Data records
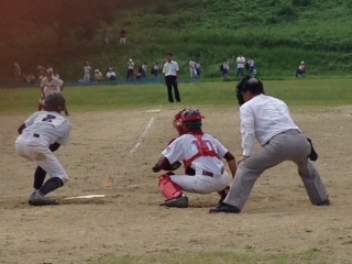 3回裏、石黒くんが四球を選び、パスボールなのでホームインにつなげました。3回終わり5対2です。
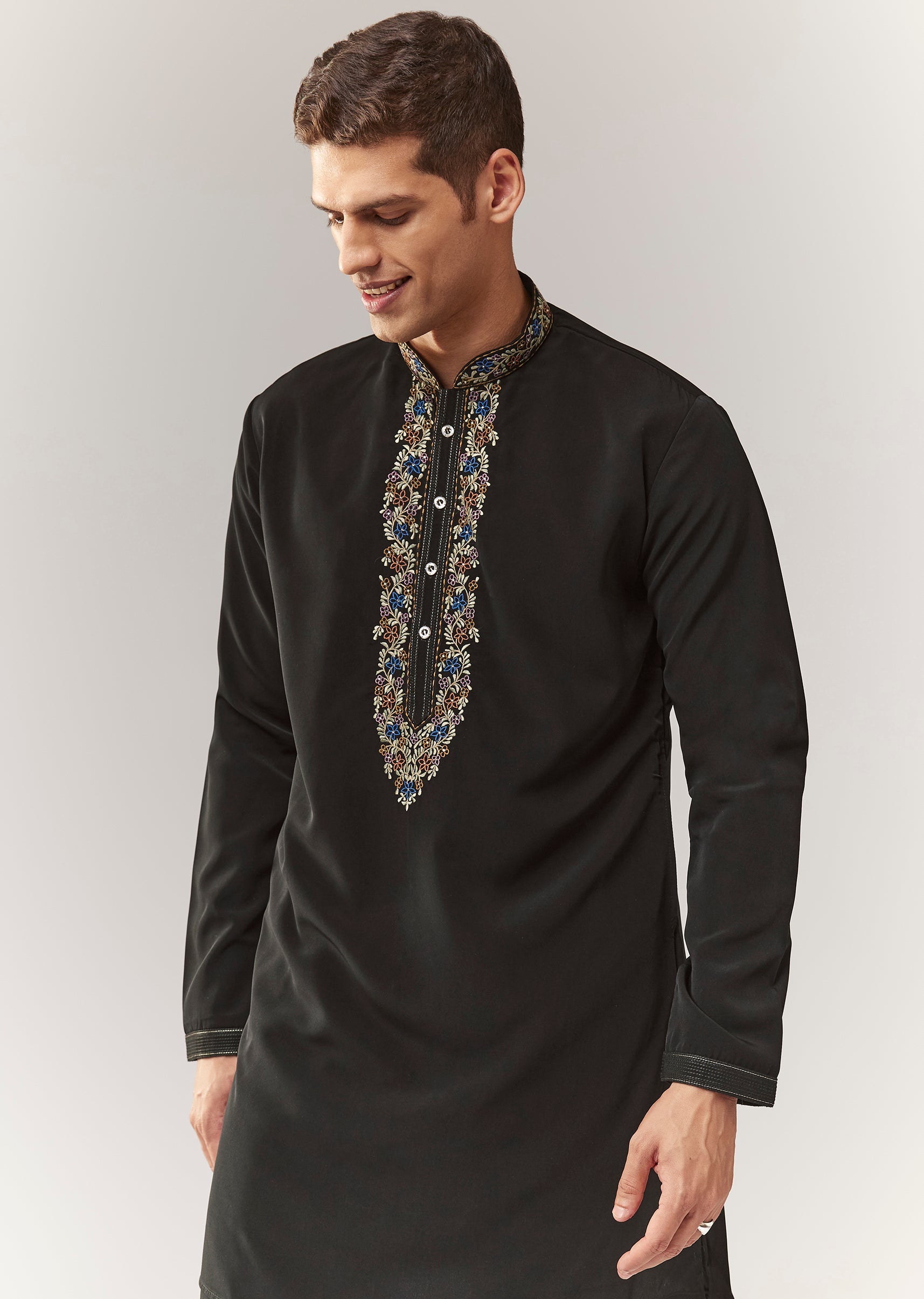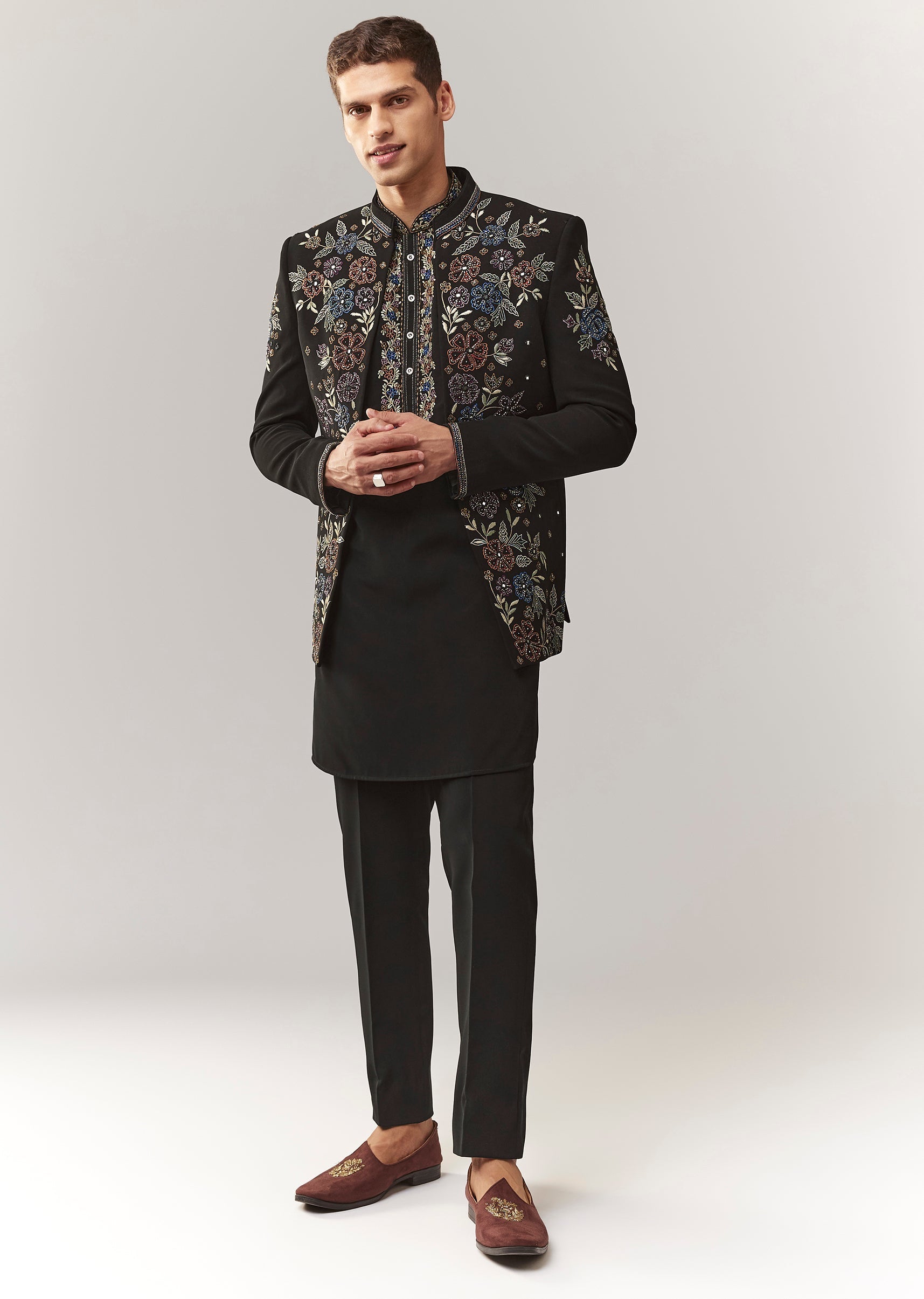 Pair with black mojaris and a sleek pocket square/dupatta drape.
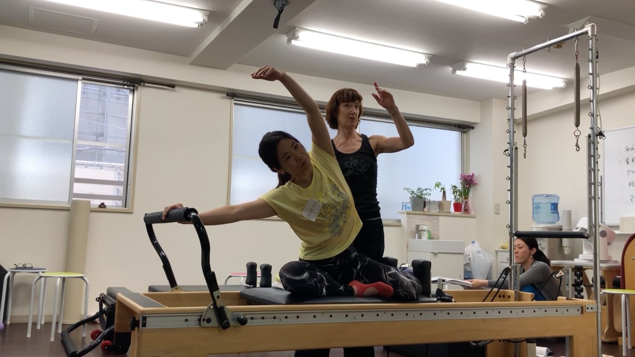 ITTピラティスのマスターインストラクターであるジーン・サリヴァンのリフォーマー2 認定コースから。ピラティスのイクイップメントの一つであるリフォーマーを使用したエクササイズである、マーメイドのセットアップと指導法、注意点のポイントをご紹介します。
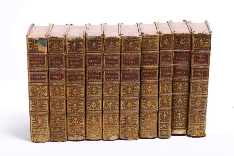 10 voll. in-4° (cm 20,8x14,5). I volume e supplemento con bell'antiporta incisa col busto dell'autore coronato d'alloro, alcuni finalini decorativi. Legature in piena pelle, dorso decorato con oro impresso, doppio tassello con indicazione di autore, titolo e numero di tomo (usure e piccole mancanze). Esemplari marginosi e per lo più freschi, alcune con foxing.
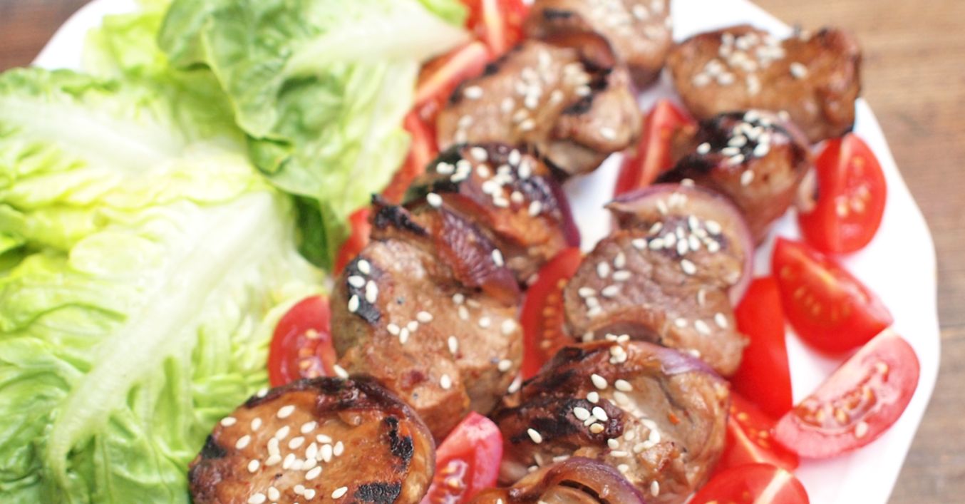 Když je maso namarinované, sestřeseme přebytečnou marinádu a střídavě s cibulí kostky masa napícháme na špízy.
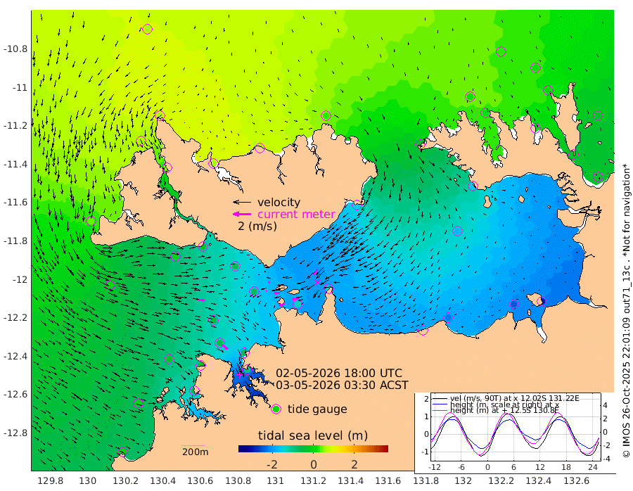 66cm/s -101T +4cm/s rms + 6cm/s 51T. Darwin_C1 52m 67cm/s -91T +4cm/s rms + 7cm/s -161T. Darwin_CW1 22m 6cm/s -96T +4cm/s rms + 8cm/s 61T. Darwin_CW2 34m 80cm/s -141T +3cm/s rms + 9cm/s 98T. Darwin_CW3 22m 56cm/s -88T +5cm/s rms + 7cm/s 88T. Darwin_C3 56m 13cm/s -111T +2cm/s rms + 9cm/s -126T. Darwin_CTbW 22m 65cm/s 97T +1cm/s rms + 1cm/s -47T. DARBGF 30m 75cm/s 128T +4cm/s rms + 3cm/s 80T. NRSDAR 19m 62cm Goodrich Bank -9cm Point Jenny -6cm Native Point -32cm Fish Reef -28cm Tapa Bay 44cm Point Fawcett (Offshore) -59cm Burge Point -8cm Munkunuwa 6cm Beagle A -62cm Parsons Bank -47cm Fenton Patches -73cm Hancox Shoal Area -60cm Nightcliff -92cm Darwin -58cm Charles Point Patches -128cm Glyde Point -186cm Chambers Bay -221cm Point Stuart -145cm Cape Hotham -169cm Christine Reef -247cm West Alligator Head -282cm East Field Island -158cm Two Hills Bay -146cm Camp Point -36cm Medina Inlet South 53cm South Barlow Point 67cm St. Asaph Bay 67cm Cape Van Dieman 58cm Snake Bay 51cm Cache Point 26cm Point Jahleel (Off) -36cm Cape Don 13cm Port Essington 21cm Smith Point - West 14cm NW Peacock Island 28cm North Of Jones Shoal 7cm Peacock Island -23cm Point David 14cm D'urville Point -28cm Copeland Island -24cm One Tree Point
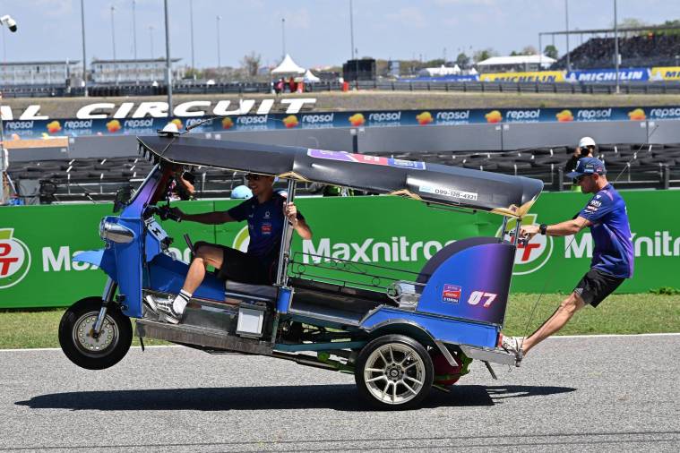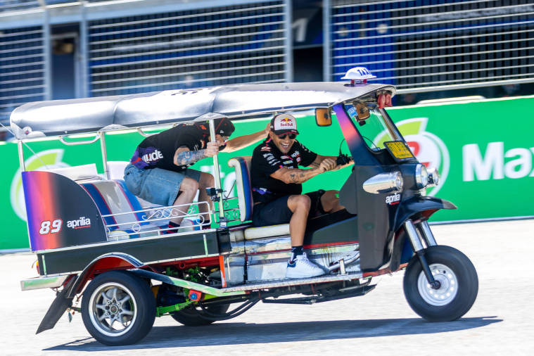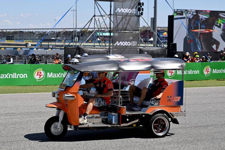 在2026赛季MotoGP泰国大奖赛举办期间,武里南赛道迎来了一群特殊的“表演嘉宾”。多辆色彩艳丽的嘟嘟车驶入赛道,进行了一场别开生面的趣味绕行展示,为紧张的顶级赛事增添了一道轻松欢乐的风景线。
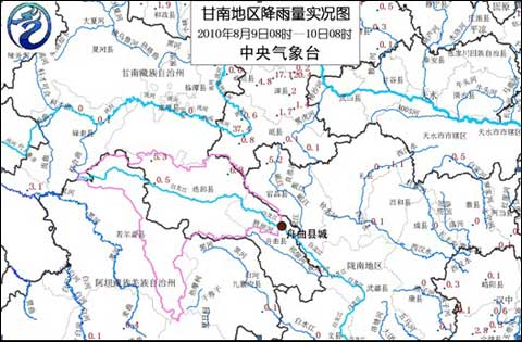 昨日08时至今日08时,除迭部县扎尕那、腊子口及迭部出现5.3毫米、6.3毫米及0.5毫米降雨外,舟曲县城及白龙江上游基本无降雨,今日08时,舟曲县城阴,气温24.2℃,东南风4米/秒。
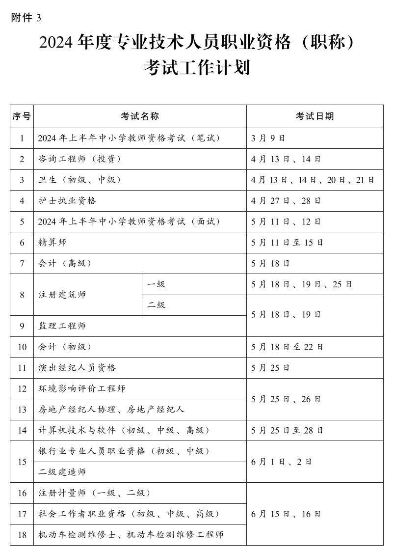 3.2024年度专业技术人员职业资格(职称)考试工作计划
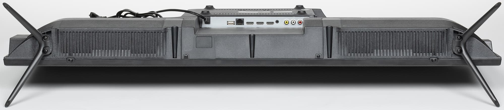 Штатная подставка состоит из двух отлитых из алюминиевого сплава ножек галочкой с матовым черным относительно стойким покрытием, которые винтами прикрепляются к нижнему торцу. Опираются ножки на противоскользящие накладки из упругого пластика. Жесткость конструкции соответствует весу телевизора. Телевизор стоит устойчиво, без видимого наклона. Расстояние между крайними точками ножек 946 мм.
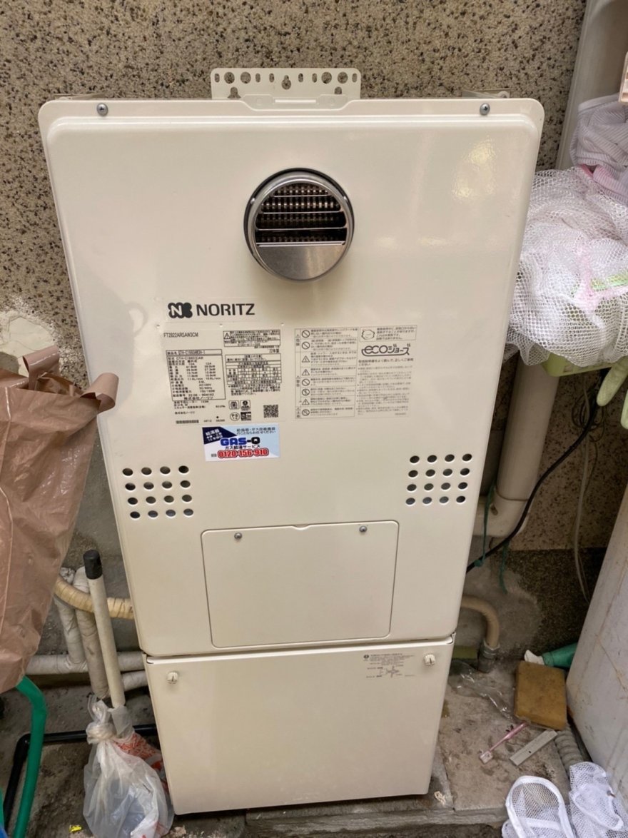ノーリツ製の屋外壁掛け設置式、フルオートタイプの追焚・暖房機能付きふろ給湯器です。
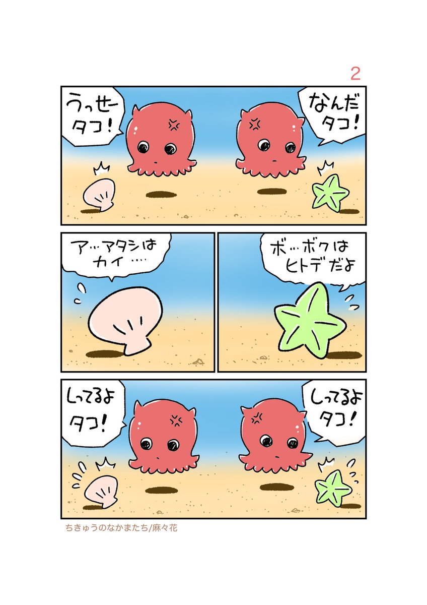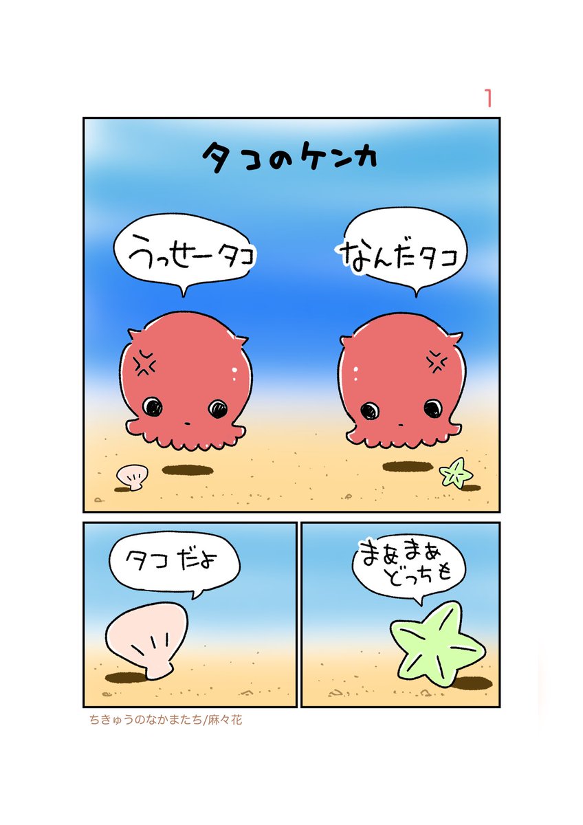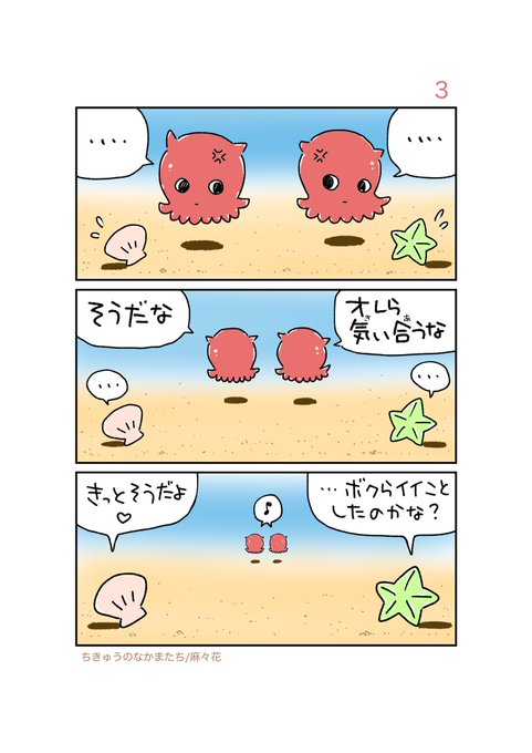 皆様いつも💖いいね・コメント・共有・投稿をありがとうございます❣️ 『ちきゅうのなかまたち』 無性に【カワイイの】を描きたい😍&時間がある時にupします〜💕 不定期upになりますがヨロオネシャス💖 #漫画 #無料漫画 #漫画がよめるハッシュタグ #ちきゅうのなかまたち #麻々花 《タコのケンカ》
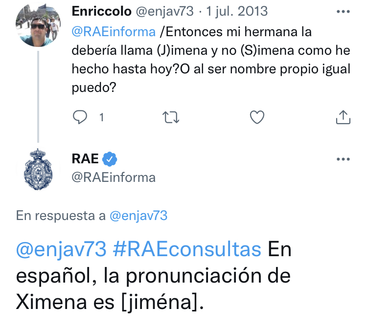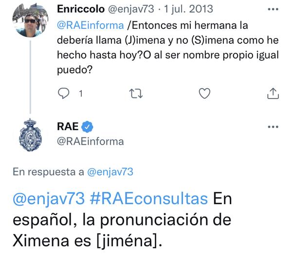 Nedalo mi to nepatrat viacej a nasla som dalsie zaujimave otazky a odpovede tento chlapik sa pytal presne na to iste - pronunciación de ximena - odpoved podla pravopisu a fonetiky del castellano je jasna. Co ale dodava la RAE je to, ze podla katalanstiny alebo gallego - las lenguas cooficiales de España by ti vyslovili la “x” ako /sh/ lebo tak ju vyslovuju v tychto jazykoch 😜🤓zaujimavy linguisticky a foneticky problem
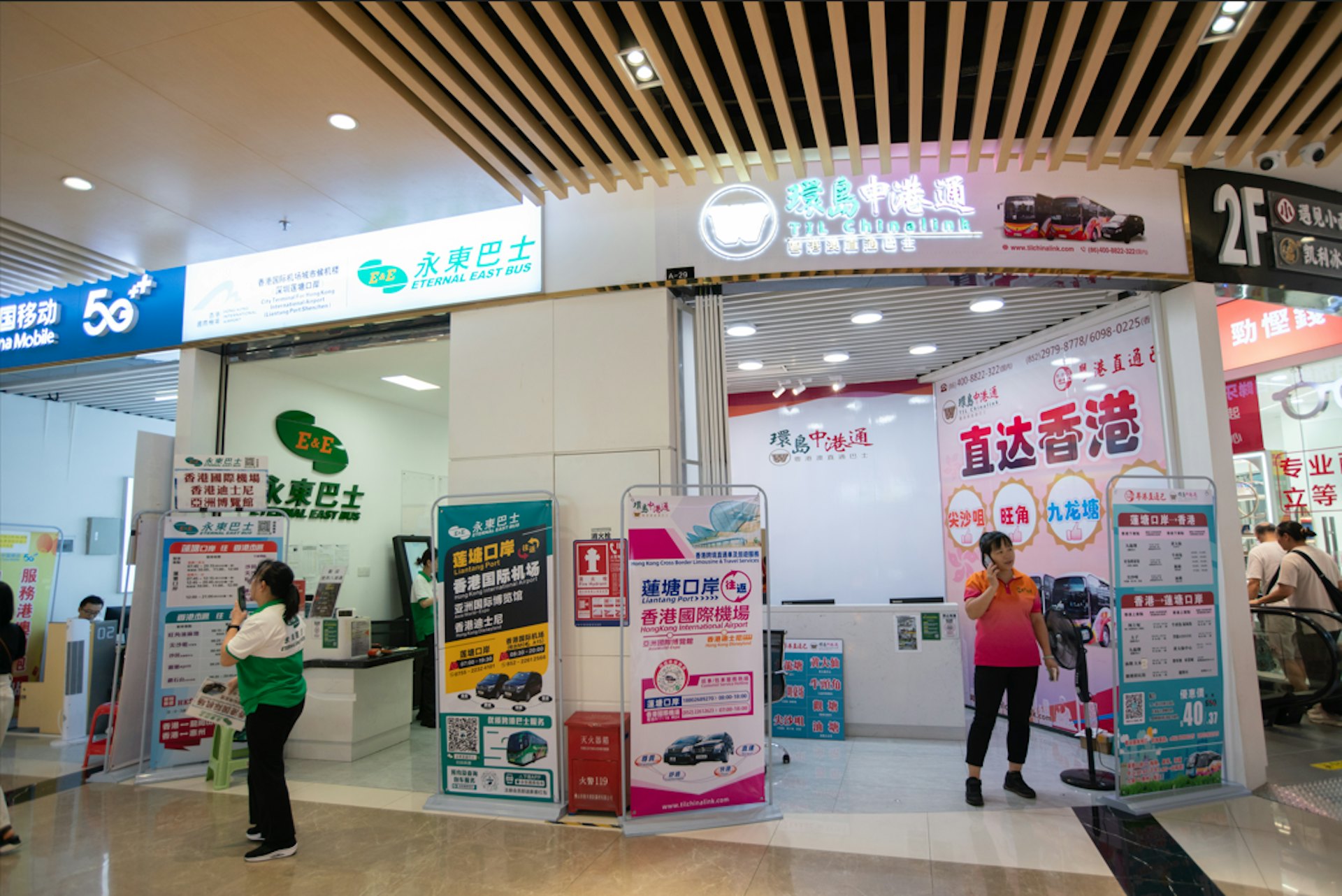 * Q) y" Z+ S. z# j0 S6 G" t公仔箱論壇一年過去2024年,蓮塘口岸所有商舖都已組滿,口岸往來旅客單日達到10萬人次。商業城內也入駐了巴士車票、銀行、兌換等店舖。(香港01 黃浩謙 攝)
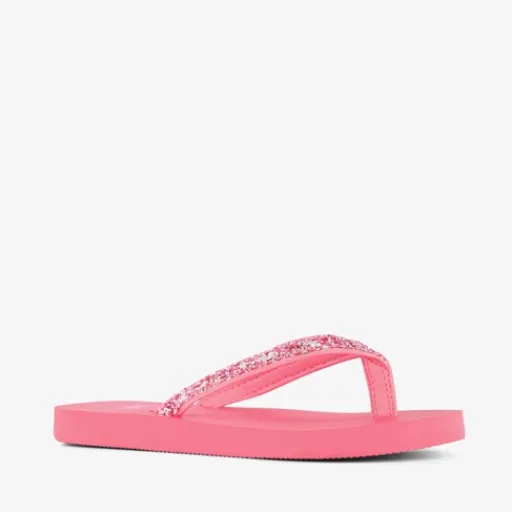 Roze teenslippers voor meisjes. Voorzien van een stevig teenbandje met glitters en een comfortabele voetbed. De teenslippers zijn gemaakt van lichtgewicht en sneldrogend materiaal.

Work task
Each line from the first line of the listing above through the line containing "Když je maso" is to be written out exactly, and the pictures are to be left out.

Answer to the problem
 3回裏、石黒くんが四球を選び、パスボールなのでホームインにつなげました。3回終わり5対2です。
 Pair with black mojaris and a sleek pocket square/dupatta drape.
 ITTピラティスのマスターインストラクターであるジーン・サリヴァンのリフォーマー2 認定コースから。ピラティスのイクイップメントの一つであるリフォーマーを使用したエクササイズである、マーメイドのセットアップと指導法、注意点のポイントをご紹介します。
 10 voll. in-4° (cm 20,8x14,5). I volume e supplemento con bell'antiporta incisa col busto dell'autore coronato d'alloro, alcuni finalini decorativi. Legature in piena pelle, dorso decorato con oro impresso, doppio tassello con indicazione di autore, titolo e numero di tomo (usure e piccole mancanze). Esemplari marginosi e per lo più freschi, alcune con foxing.
 Když je maso namarinované, sestřeseme přebytečnou marinádu a střídavě s cibulí kostky masa napícháme na špízy.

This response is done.